The league is expected to announce the schedule revision today. Las Vegas and Virginia, the league's two teams with 3-1 records, will play for the UFL championship in Friday's other game.
“I had anticipated a (press) release today, but things have changed even more than expected,'' said Michael Preston, the UFL's vice president for communications, in an email Sunday to The World-Herald. “Never a dull day!''
Sunday started with a person associated with the Nighthawks confirming a report that first appeared on the Virginia Destroyers' fan page that the league was canceling the final two weeks of the regular season and would have Las Vegas play at Virginia on Friday to decide the league title.
By midafternoon, Omaha Coach Joe Moglia was meeting with his team at the Kroc Center in South Omaha.
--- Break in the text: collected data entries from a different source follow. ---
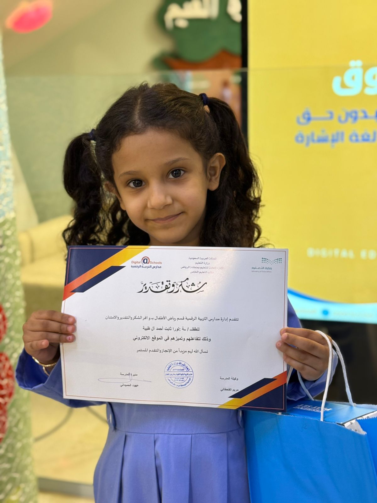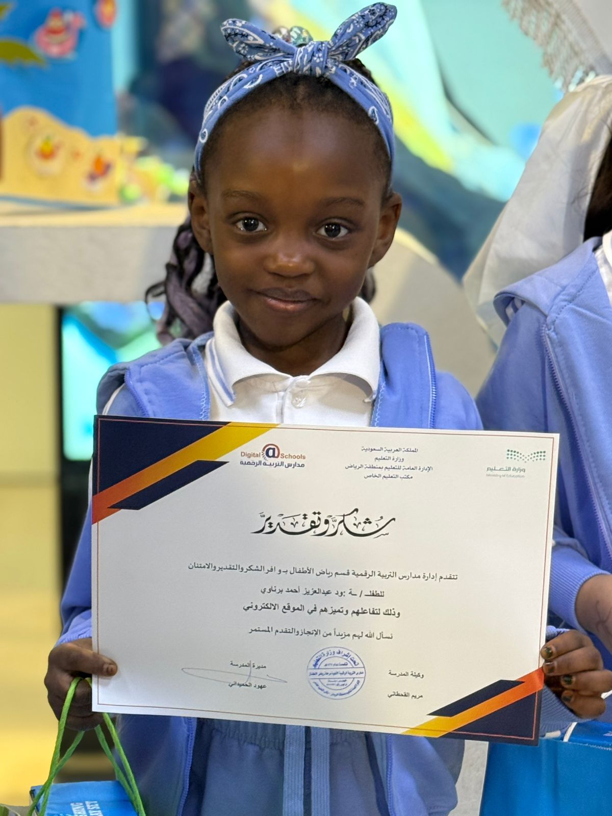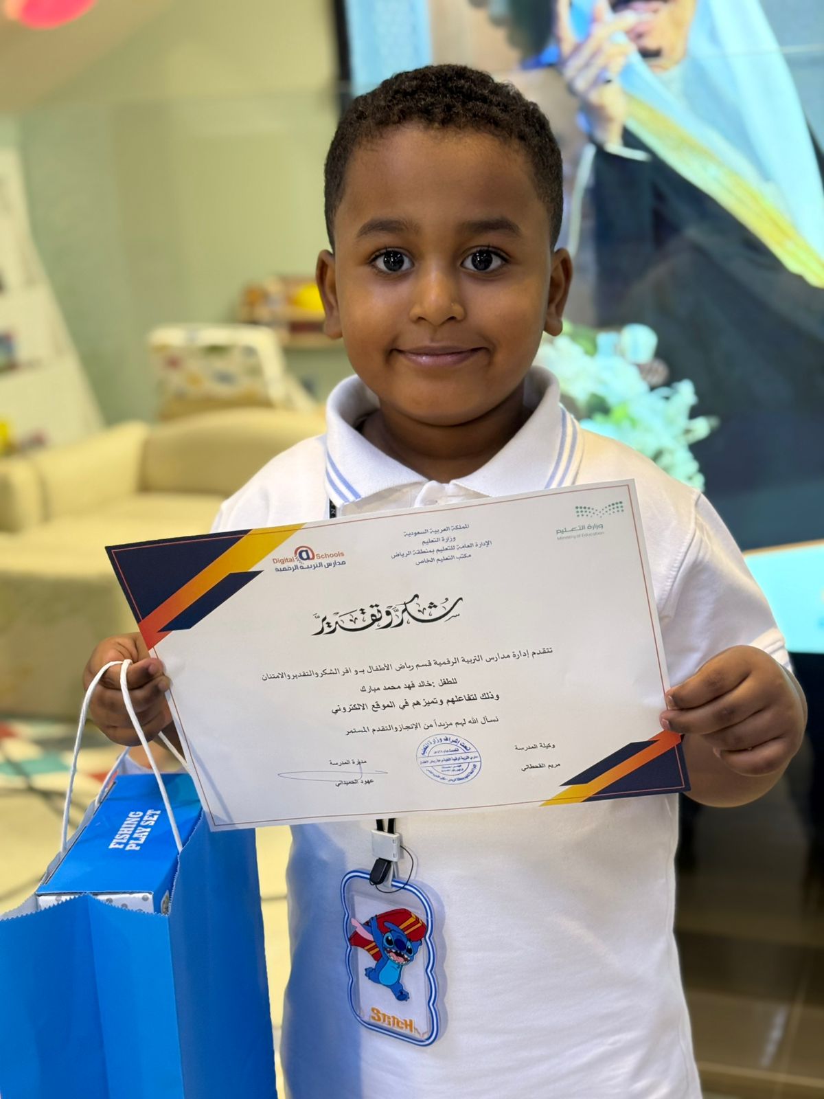 كرمت مدارس التربيه الرقمية قسم رياض الأطفال يوم الأثنين الموافق7 / 4 / 1447هـ الأطفال على جهودهم المتميزة في الدخول إلى الموقع الإلكتروني الخاص بالمدارس. ويأتي هذا التكريم تقديرًا لالتزامهم وتعاونهم، وتشجيعًا لهم على الاستمرار..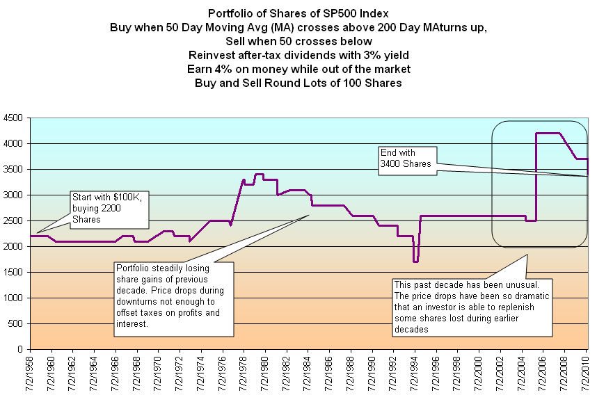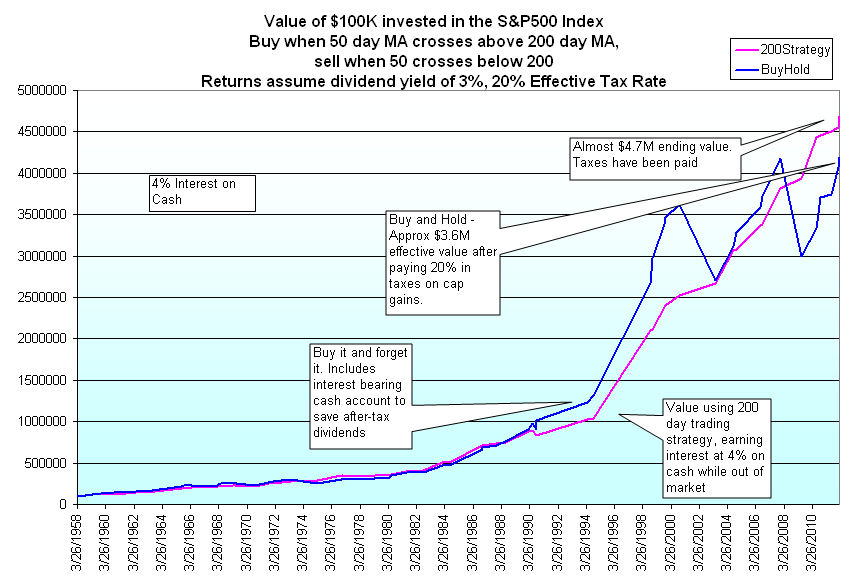 The lesson is that the downturn must be strong enough that the Golden Cross strategy can overcome the tax attrition by buying shares back at greatly reduced prices. Although the Golden Cross strategy produced only 5 losses out of 27 round trip (buy/sell) trades, a winning percentage of about 80%, the tax obstacle is a formidable barrier to increased profits over buy and hold. The buy and hold strategy is about 25% invested in cash at the end of this study, a conservative approach consistent with a buy and hold investor. If the buy and hold investor were to periodically reinvest dividends instead of holding cash, it would probably equal the after tax returns of the Golden Cross strategy.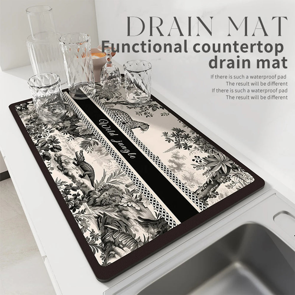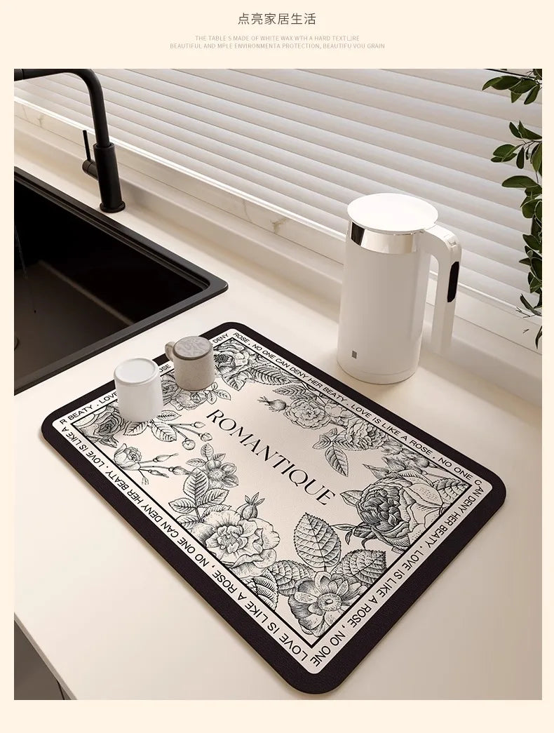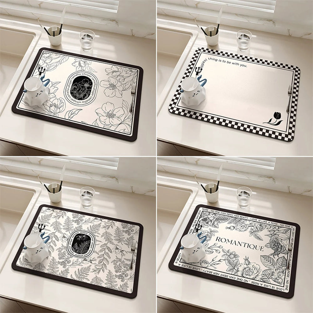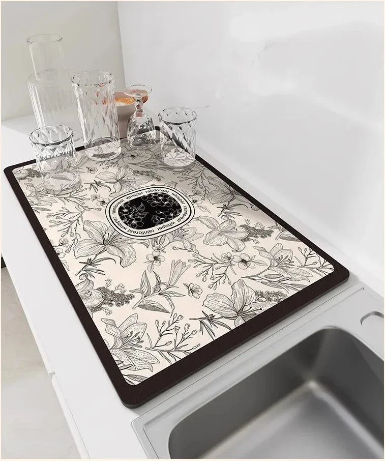 Fügen Sie Ihrer Küche Stil und Effizienz mit unserer Abtropfmatte hinzu, die für schnelle Wasseraufnahme und rutschfreie Nutzung gefertigt ist.

At the meeting, Moglia asked his players if they could fully commit to a game against Sacramento if one could be arranged.
Moglia told the players that such a game was a long shot but that he would pursue it if the players wanted to play. After a players-only meeting, defensive tackle Dusty Dvoracek told Moglia that the players “were in” as long as there were assurances that they would be paid.
By 6 p.m., a Nighthawks spokesperson contacted The World-Herald and said the game was on for 7 p.m. Friday.
Obviously, the developments do little to answer questions about the long-term viability of the three-year-old UFL. Already this season, the league has had to delay the season by a month and contract the league from five teams to four teams.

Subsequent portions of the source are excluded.